▶ **EXERCISE BRIEF**
Every line from the top of the records through the one bearing "朝のつどいの様子です。たくさんの同宿校が一同に会し,朝のつどいを行いました。" is to be reproduced exactly, and pictures are to be left out.

▶ **RECORDS PROVIDED**
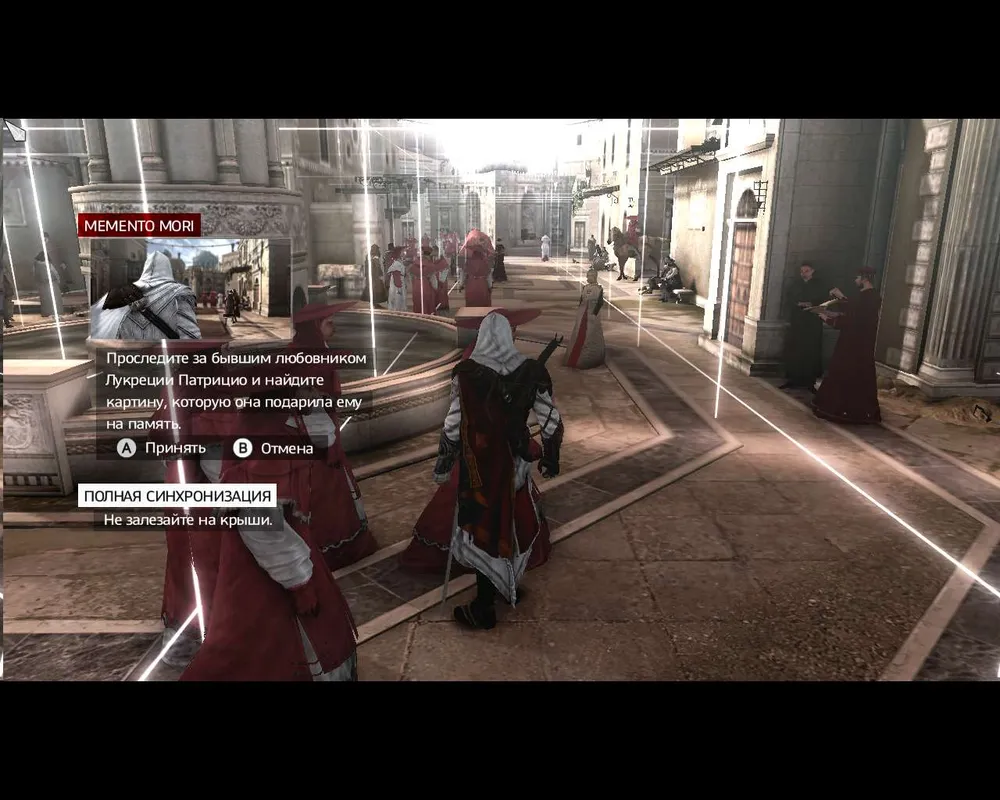 Следующая цель Эцио - любовник Лукреции, Патрицио. Патрицио собирается продать картину тамплиерам, вы должны проследить за ним и украсть картину.
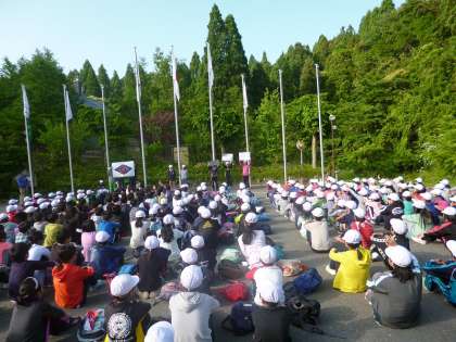 朝のつどいの様子です。たくさんの同宿校が一同に会し,朝のつどいを行いました。
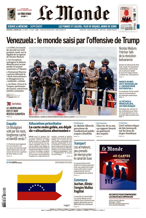 • Le Groenland dans le viseur de Trump Quelques heures à peine après la capture illégale du président vénézuélien Nicolás Maduro, Donald Trump a réaffirmé sa convoitise pour le Groenland. Ses menaces d’annexer l’île sont de plus en plus pressantes 4 pages
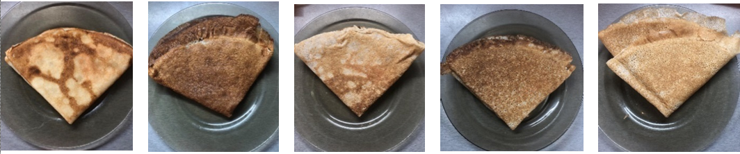 Рис. 5. Внешний вид контрольного (с пшеничной мукой) и опытных образцов блинов,
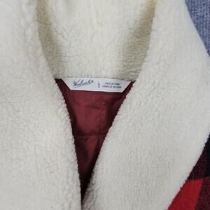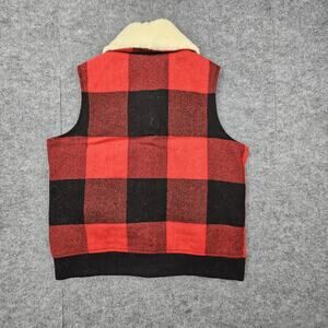 Woolrich Vest Womens Large Red Black Buffalo Plaid Sherpa Collar Wool Western
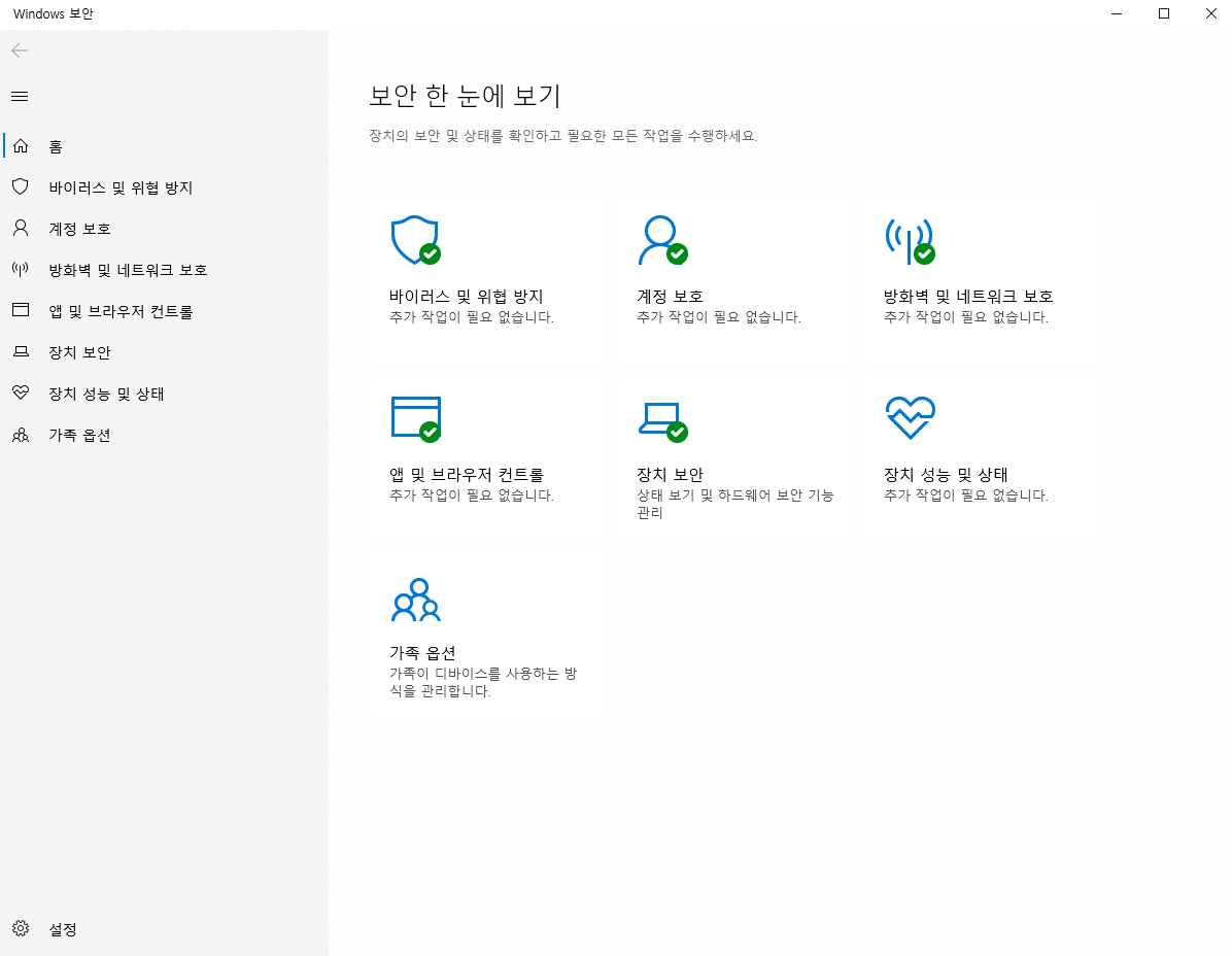 여기서 해제해야 할 부분은 두 곳입니다. " 바이러스 및 위협 방지 " 탭과 " 방화벽 및 네트워크 보호 " 탭입니다. 해제해 보겠습니다. 첫 번째를 클릭하여 이동해 줍니다.
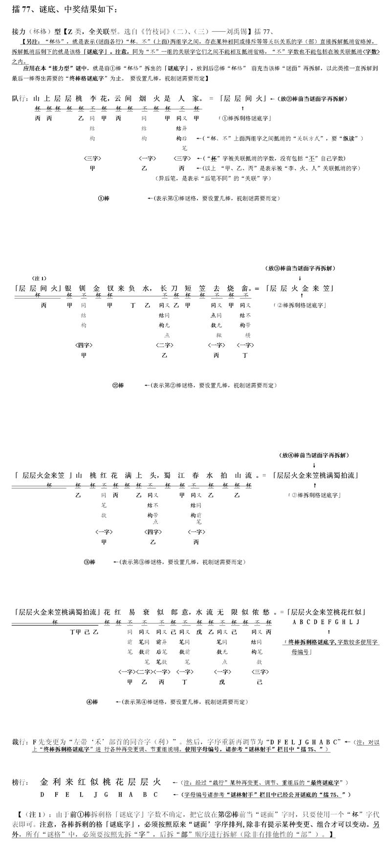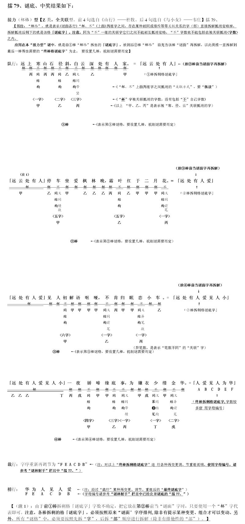 其中只有两位谜友猜了“明一”两个字,这也是当初本人想要设计的“谜底”,不小心把“起”与“期”“近音”打成“同音”,就把它当做“虚假相扣”。只要谜友能猜出“明起一”就算猜中。
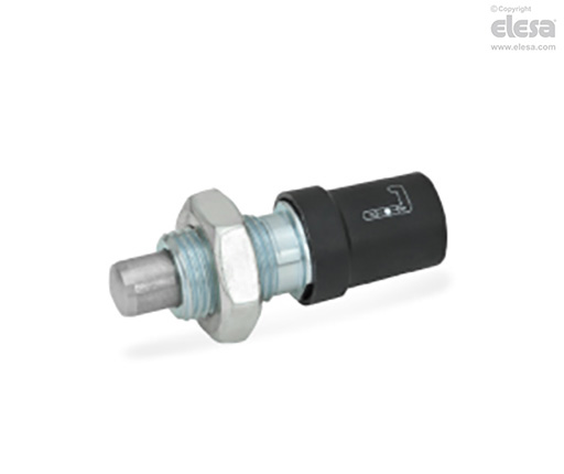 Les doigts d’indexage à ressort GN 816 en position de repos ont l’embout saillant. Si on tire l’embout à l’intérieur du corps en tournant le bouton de 90°, le doigt d’indexage atteint une position de retrait de sécurité, par le biais d’un axe qui coulisse à l’intérieur d’une fente. Le doigt d’indexage retourne à sa position d’origine avec embout saillant lorsque l’on tire de nouveau le bouton, qu’on le tourne de 90° et qu’on le relâche.
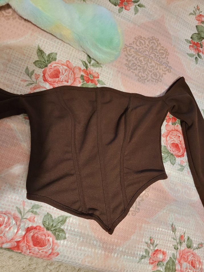 Koyu kahverengi, fitted kesim ve midi boyda korsesi. Düz ve desen içermeyen kumaşıyla destek sağlar.
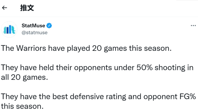 进攻端,勇士20场比赛全部超过100分,表现非常稳定,113的进攻效率仅次于爵士排在联盟第二。场均助攻、场均三分命中数都是联盟第一,投篮命中率联盟第二。
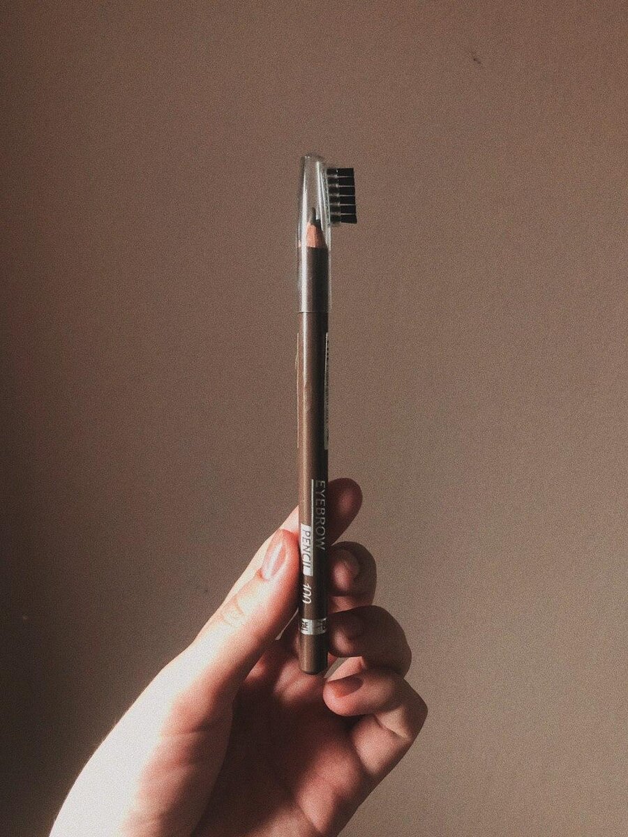 Только сегодня обнаружила, что здесь не было карандашей для бровей — не порядок, однако! У меня два любимых белорусских карандаша и это — один из них. Главная прелесть этого карандаша состоит в том, что за счёт его умеренной твердости, им не нарисуешь графичные четкие брови — для меня это плюс, а не минус. Он идеально подходит для создания едва заметной полутени, которая оформляет бровь в нужную естественную форму, но при этом не даёт ни единого повода думать, что вы производили какие-то манипуляции у бровиста. Мол, смотрите — все своё, родное, как здесь: Им можно прорисовывать четкие волоски, но при этом он даёт едва уловимую полутень в растушеванном состоянии (см. свотч ниже). И самое приятное — за счёт своей текстуры он очень и очень стойкий и никуда не девается в течение дня. В палитре 7 оттенков, нужный найдётся и для блондинки, и для брюнетки. У меня 100-ый оттенок или Taupe — идеальный нейтральный коричневый, который не рыжит. Не удивляйтесь, что на фото очевидно новый карандаш
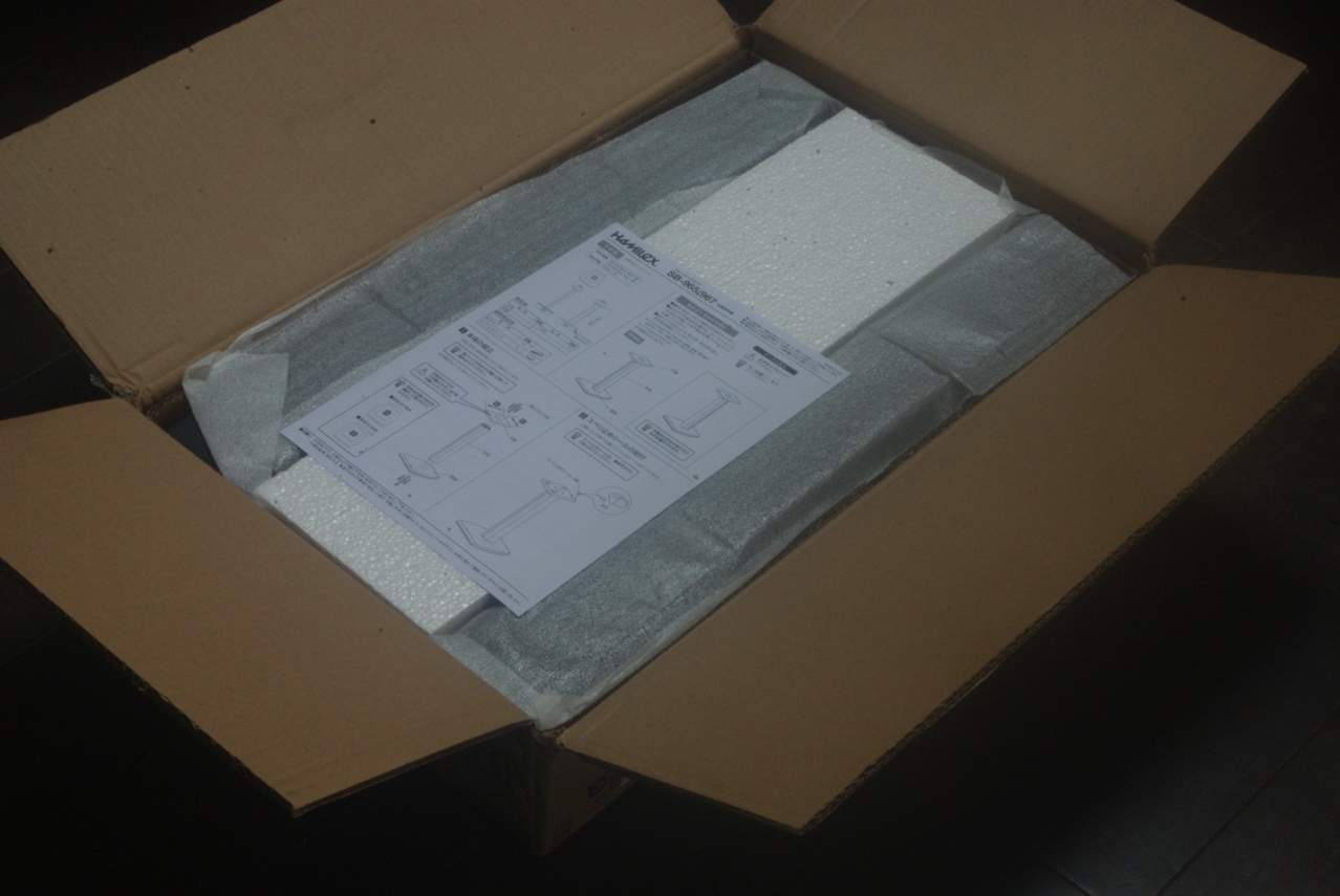 梱包のダンボールを開けて上面の緩衝材を取り去ると、エアーキャップシートに包まれた商品のスピーカーが現れました。
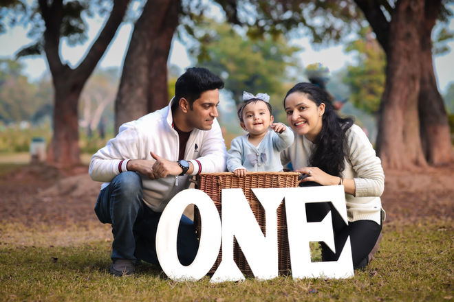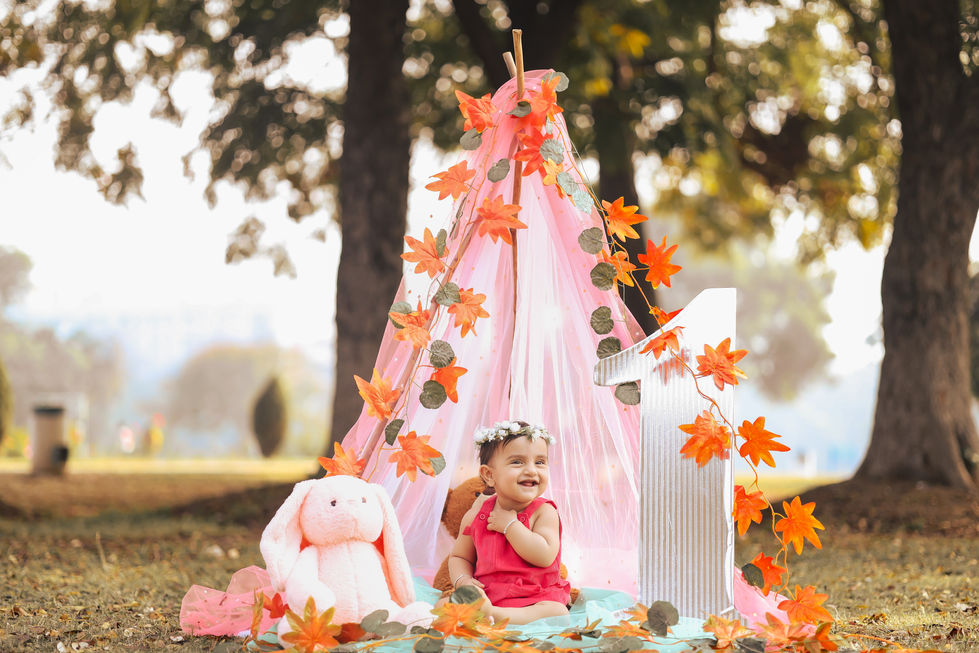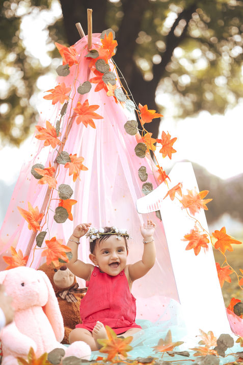 A delightful collection of images capturing children's celebrations, including a first birthday with autumn-themed decorations, a baby in a blue dress, and a child laughing in a colorful outdoor tent setup.

▶ **TASK ANSWER**
 Следующая цель Эцио - любовник Лукреции, Патрицио. Патрицио собирается продать картину тамплиерам, вы должны проследить за ним и украсть картину.
 朝のつどいの様子です。たくさんの同宿校が一同に会し,朝のつどいを行いました。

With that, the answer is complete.